[Opening Data shown section]

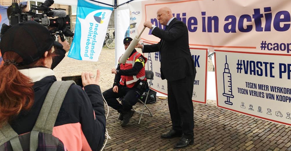 Vandaag voeren de politiebonden op het Plein in Den Haag actie voor serieuze investeringen in de arbeidsvoorwaarden en werkomstandigheden bij de overheid. In een symbolische prikstraat worden ministers aan de tand gevoeld over hun visie op de financiële injectie die de publieke sector zou moeten krijgen. Vakbonden voor medewerkers in de zorg, bij defensie, het onderwijs, het Rijk, de ambulancezorg en de brandweer zijn uitgenodigd bij deze actie aan te sluiten.
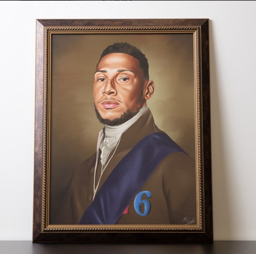A legitimately wonderful painting of Ben Simmons in the 18th century. According to scholars, the 18th century Simmons would only shoot his musket at targets less than 5-feet away, much to the consternation of the entire Continental Army at the time that implored him to fire away from longer distances. Absolutely fascinating.
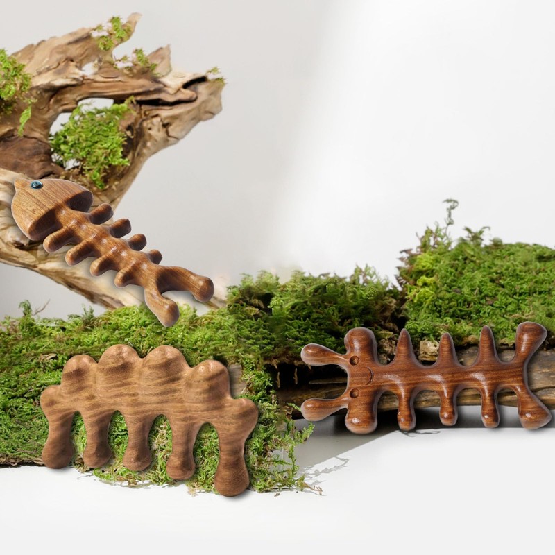 Rhinenet 3PCS Scalp Massager Natural Green Sandalwood Wood Massage Comb Wide Tooth Handmade No Static Head Massage Cute Animal Shapes Comb for Women Men Hair Neck Hands Legs Caring Tool (Insect-3)
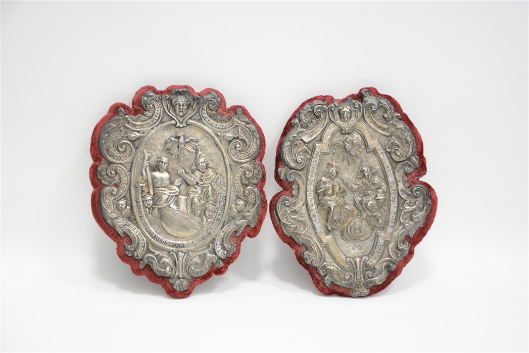 Coppia di fregi in argento sbalzato a scene religiose con marchio di Napoli del
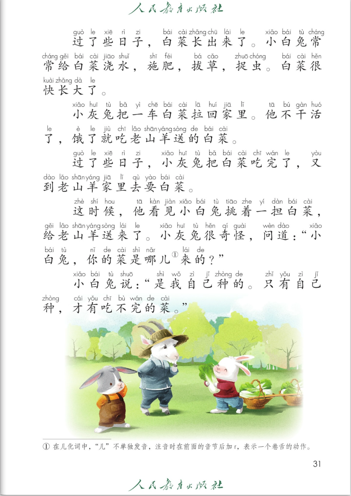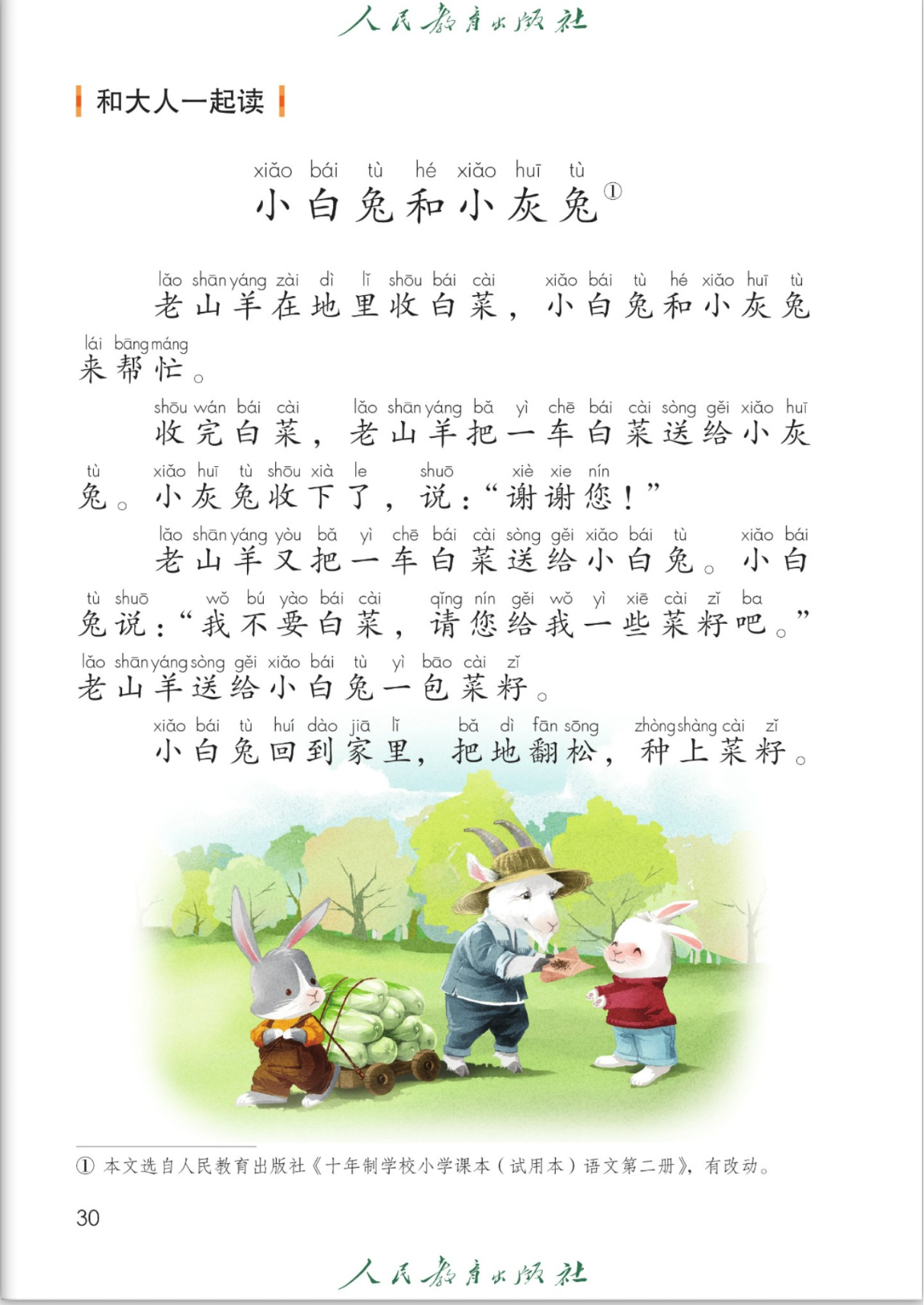 这也是几十年没变过的小学一年级课文了,可是现实生活是:因为小白兔擅长巴结领导,老山羊把一车白菜和白菜籽都给了小白兔,回到家后,小白兔雇小灰兔给他干苦工种白菜,然后每月给他一棵白菜,几个月以后,小灰兔起早贪黑、辛辛苦苦才获得了几棵白菜,小白兔一点活没干,收获了一田地白菜。
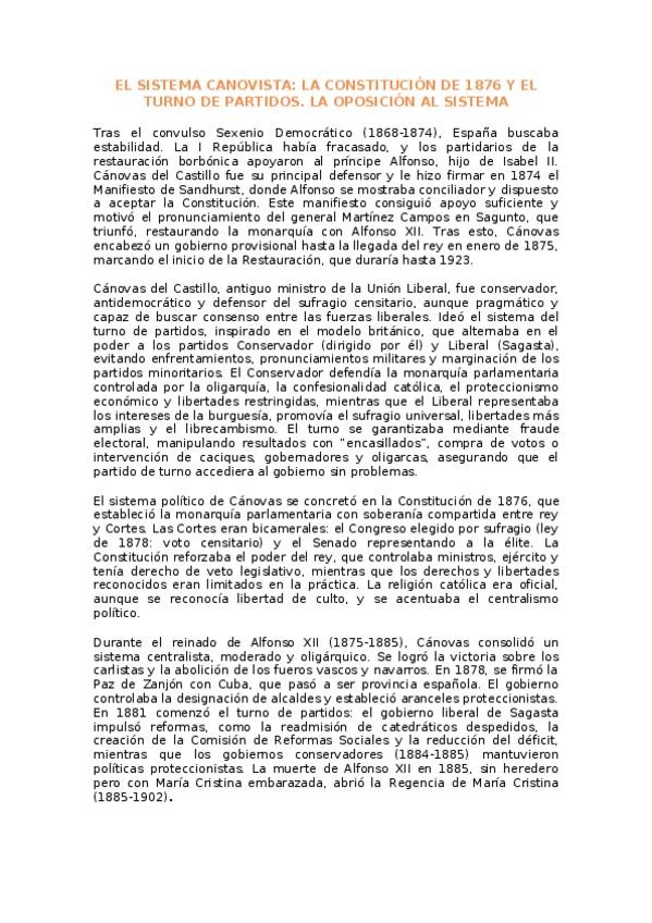 Os dejo un resumen del sistema canovista, completo como para poder sacar un diez en la PAU de historia en Madrid
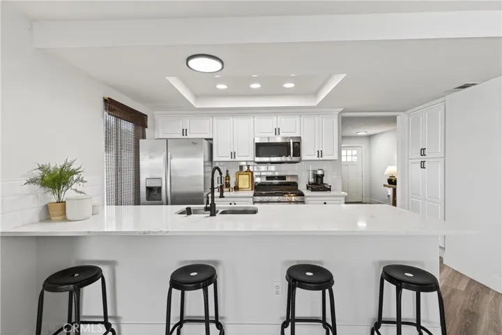 Flowing from the living area is the updated kitchen, complete with stainless steel appliances, quartz countertops, soft-close cabinetry, and a large peninsula island that doubles as a breakfast bar. The open-concept layout connects perfectly to the generous dining area — a great spot for hosting family gatherings or placing your Christmas tree!
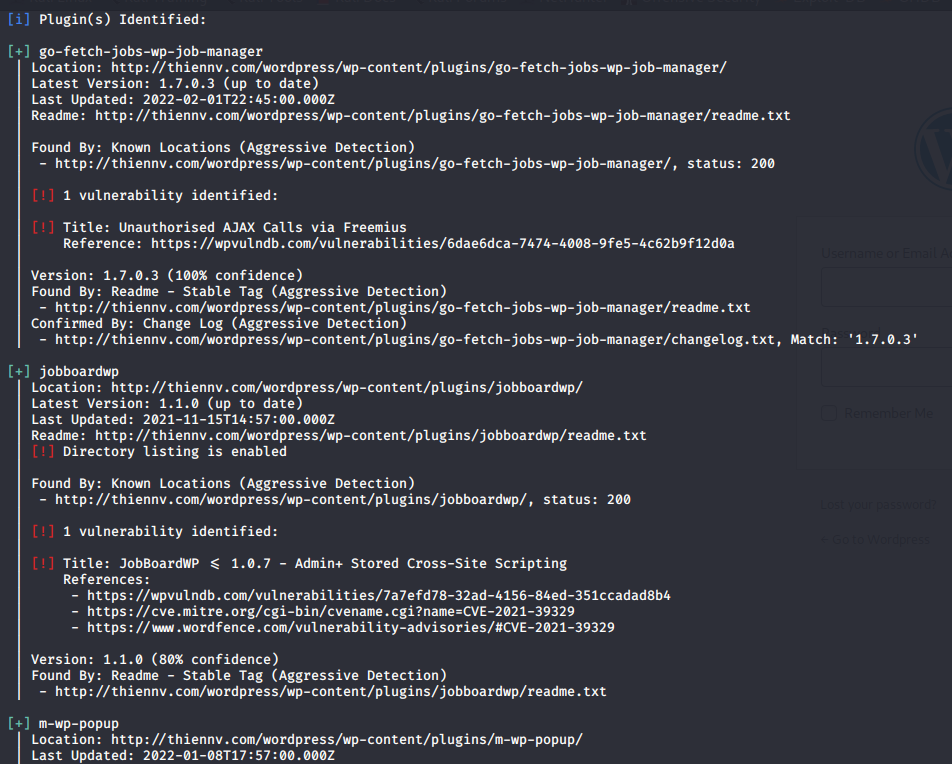 wpscan --url http://thiennv.com/wordpress/ -e vp --plugins-detection aggressive --api-token QZhn2Ior.....gzbOYbREHYk

[Closing Data shown section]

=== About this exercise ===
Without the pictures, restate all of the entries above verbatim.

=== Output below ===
 Vandaag voeren de politiebonden op het Plein in Den Haag actie voor serieuze investeringen in de arbeidsvoorwaarden en werkomstandigheden bij de overheid. In een symbolische prikstraat worden ministers aan de tand gevoeld over hun visie op de financiële injectie die de publieke sector zou moeten krijgen. Vakbonden voor medewerkers in de zorg, bij defensie, het onderwijs, het Rijk, de ambulancezorg en de brandweer zijn uitgenodigd bij deze actie aan te sluiten.
A legitimately wonderful painting of Ben Simmons in the 18th century. According to scholars, the 18th century Simmons would only shoot his musket at targets less than 5-feet away, much to the consternation of the entire Continental Army at the time that implored him to fire away from longer distances. Absolutely fascinating.
 Rhinenet 3PCS Scalp Massager Natural Green Sandalwood Wood Massage Comb Wide Tooth Handmade No Static Head Massage Cute Animal Shapes Comb for Women Men Hair Neck Hands Legs Caring Tool (Insect-3)
 Coppia di fregi in argento sbalzato a scene religiose con marchio di Napoli del
 这也是几十年没变过的小学一年级课文了,可是现实生活是:因为小白兔擅长巴结领导,老山羊把一车白菜和白菜籽都给了小白兔,回到家后,小白兔雇小灰兔给他干苦工种白菜,然后每月给他一棵白菜,几个月以后,小灰兔起早贪黑、辛辛苦苦才获得了几棵白菜,小白兔一点活没干,收获了一田地白菜。
 Os dejo un resumen del sistema canovista, completo como para poder sacar un diez en la PAU de historia en Madrid
 Flowing from the living area is the updated kitchen, complete with stainless steel appliances, quartz countertops, soft-close cabinetry, and a large peninsula island that doubles as a breakfast bar. The open-concept layout connects perfectly to the generous dining area — a great spot for hosting family gatherings or placing your Christmas tree!
 wpscan --url http://thiennv.com/wordpress/ -e vp --plugins-detection aggressive --api-token QZhn2Ior.....gzbOYbREHYk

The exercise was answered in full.